_LISTED ENTRIES_
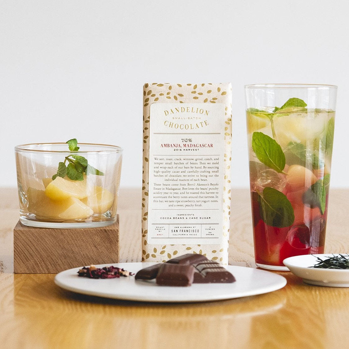 フルーツとの相性が抜群です。おすすめは、桃を使ったノンアルコールモヒート。『002 香駿』を使ったモクテルはハイビスカスのシロップを使っていて、甘味と酸味のバランスが良いので、残暑厳しい今の時期にはたまりません。ペアリングをするなら酸味の効いたチョコレートが◎
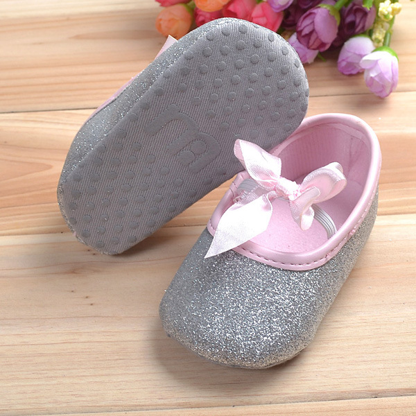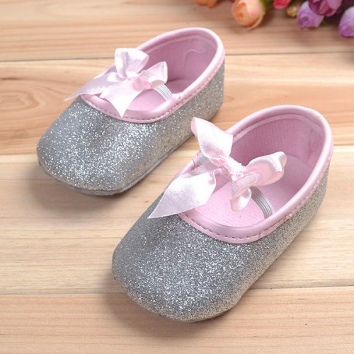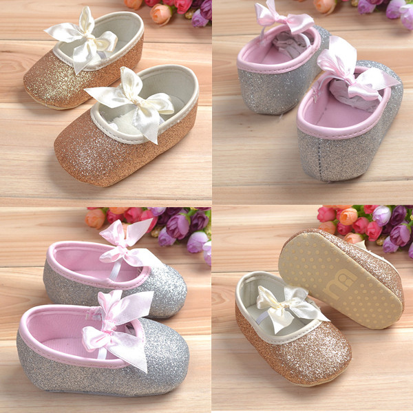 Baby Girls Shiny Bling Ribbon Soft Sole First Walking Shoes
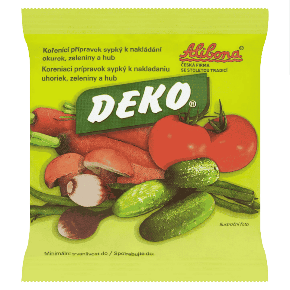 Alibona DEKO ist eine Gewürzmischung zum Einlegen von Gurken, Gemüse und Pilzen. Damit können Sie ganz einfach köstliche hausgemachte Gurken und eingelegtes Gemüse zubereiten. Dieses traditionelle tschechische Produkt von Alibona, einem Unternehmen mit jahrhundertealter Tradition, sorgt dafür, dass Ihre Einlegegerichte immer aromatisch und authentisch sind.
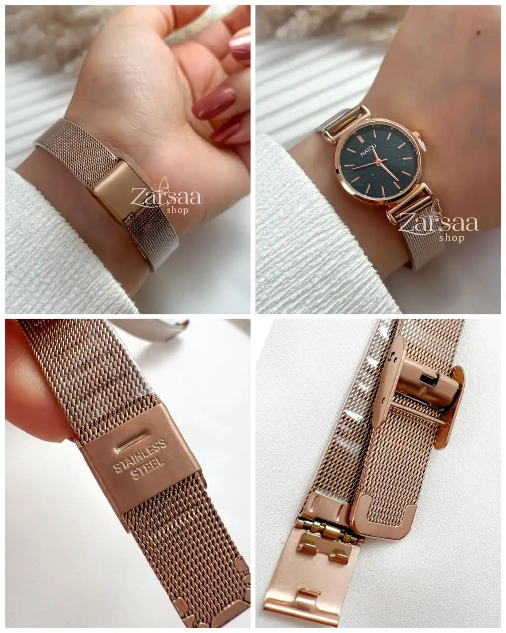 ساعت زنانه نایدو مدل ستاره با صفحه گرد ، مشکی و براق و بند حصیری از جنس استیل ضد زنگ و ضد حساسیت به رنگ رزگلد زیبایی منحصر به فردی را به استایل شما اضافه می کند.
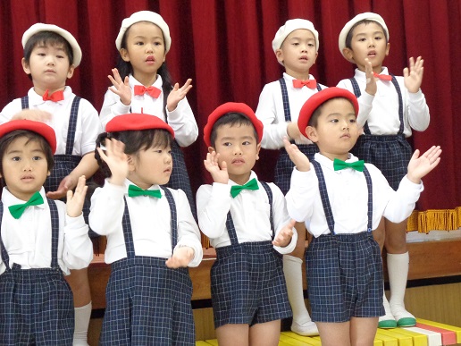 ひとりずつ名前を呼ばれると、元気よく返事をし、堂々とした姿、そして年中組とのお別れの言葉、お別れの歌等、立派な子ども達の姿。
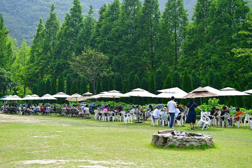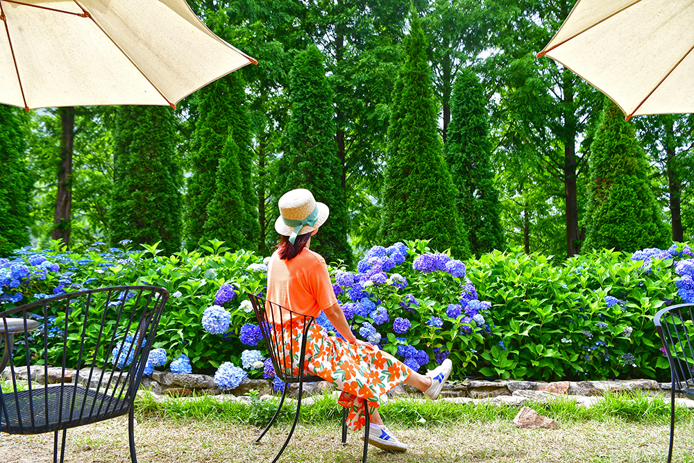 수국 정원을 지나면 잔디광장이 나타납니다. 활짝 핀 수국을 따라 곳곳에 파라솔이 있습니다. 야외 카페도 있어, 시원한 음료를 마시며 잠시 쉬어가기 좋습니다. 여기서 수국과 함께 잠시 망중한을 즐겨봅니다.~
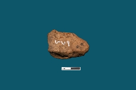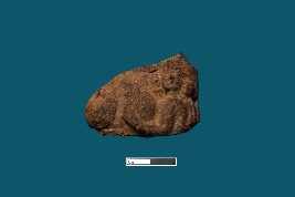 | Description / विवरण | A terracotta plaque displays a human figurine placed in a one-sided form, with only the left hand and an eroded face visible. |
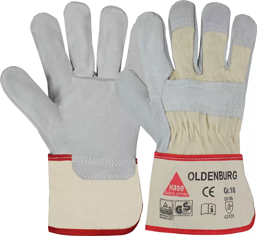 Cow split leather work glove with high wearing comfort, double seams, canvas cuff, palm lining, TÜV GS. EN 388
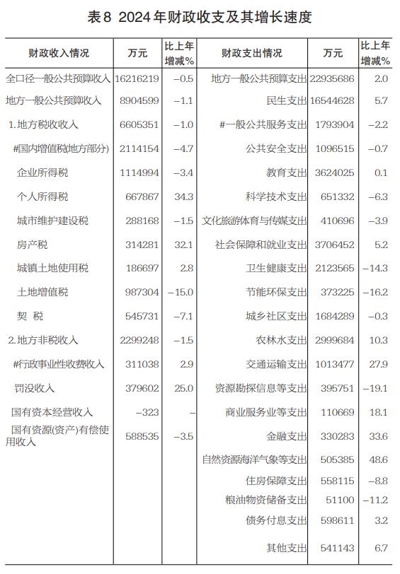 全年全省全口徑一般公共預(yù)算收入1621.62億元,比上年下降0.5%。其中,地方一般公共預(yù)算收入890.46億元,下降1.1%。地方一般公共預(yù)算收入中,稅收收入660.54億元,下降1.0%;非稅收入229.92億元,下降1.5%。全省地方一般公共預(yù)算支出2293.57億元,比上年增長(zhǎng)2.0%。

_REQUIREMENT_
Write every line above again exactly, but leave the pictures out.

_WORKED SOLUTION_
 フルーツとの相性が抜群です。おすすめは、桃を使ったノンアルコールモヒート。『002 香駿』を使ったモクテルはハイビスカスのシロップを使っていて、甘味と酸味のバランスが良いので、残暑厳しい今の時期にはたまりません。ペアリングをするなら酸味の効いたチョコレートが◎
 Baby Girls Shiny Bling Ribbon Soft Sole First Walking Shoes
 Alibona DEKO ist eine Gewürzmischung zum Einlegen von Gurken, Gemüse und Pilzen. Damit können Sie ganz einfach köstliche hausgemachte Gurken und eingelegtes Gemüse zubereiten. Dieses traditionelle tschechische Produkt von Alibona, einem Unternehmen mit jahrhundertealter Tradition, sorgt dafür, dass Ihre Einlegegerichte immer aromatisch und authentisch sind.
 ساعت زنانه نایدو مدل ستاره با صفحه گرد ، مشکی و براق و بند حصیری از جنس استیل ضد زنگ و ضد حساسیت به رنگ رزگلد زیبایی منحصر به فردی را به استایل شما اضافه می کند.
 ひとりずつ名前を呼ばれると、元気よく返事をし、堂々とした姿、そして年中組とのお別れの言葉、お別れの歌等、立派な子ども達の姿。
 수국 정원을 지나면 잔디광장이 나타납니다. 활짝 핀 수국을 따라 곳곳에 파라솔이 있습니다. 야외 카페도 있어, 시원한 음료를 마시며 잠시 쉬어가기 좋습니다. 여기서 수국과 함께 잠시 망중한을 즐겨봅니다.~
 | Description / विवरण | A terracotta plaque displays a human figurine placed in a one-sided form, with only the left hand and an eroded face visible. |
 Cow split leather work glove with high wearing comfort, double seams, canvas cuff, palm lining, TÜV GS. EN 388
 全年全省全口徑一般公共預(yù)算收入1621.62億元,比上年下降0.5%。其中,地方一般公共預(yù)算收入890.46億元,下降1.1%。地方一般公共預(yù)算收入中,稅收收入660.54億元,下降1.0%;非稅收入229.92億元,下降1.5%。全省地方一般公共預(yù)算支出2293.57億元,比上年增長(zhǎng)2.0%。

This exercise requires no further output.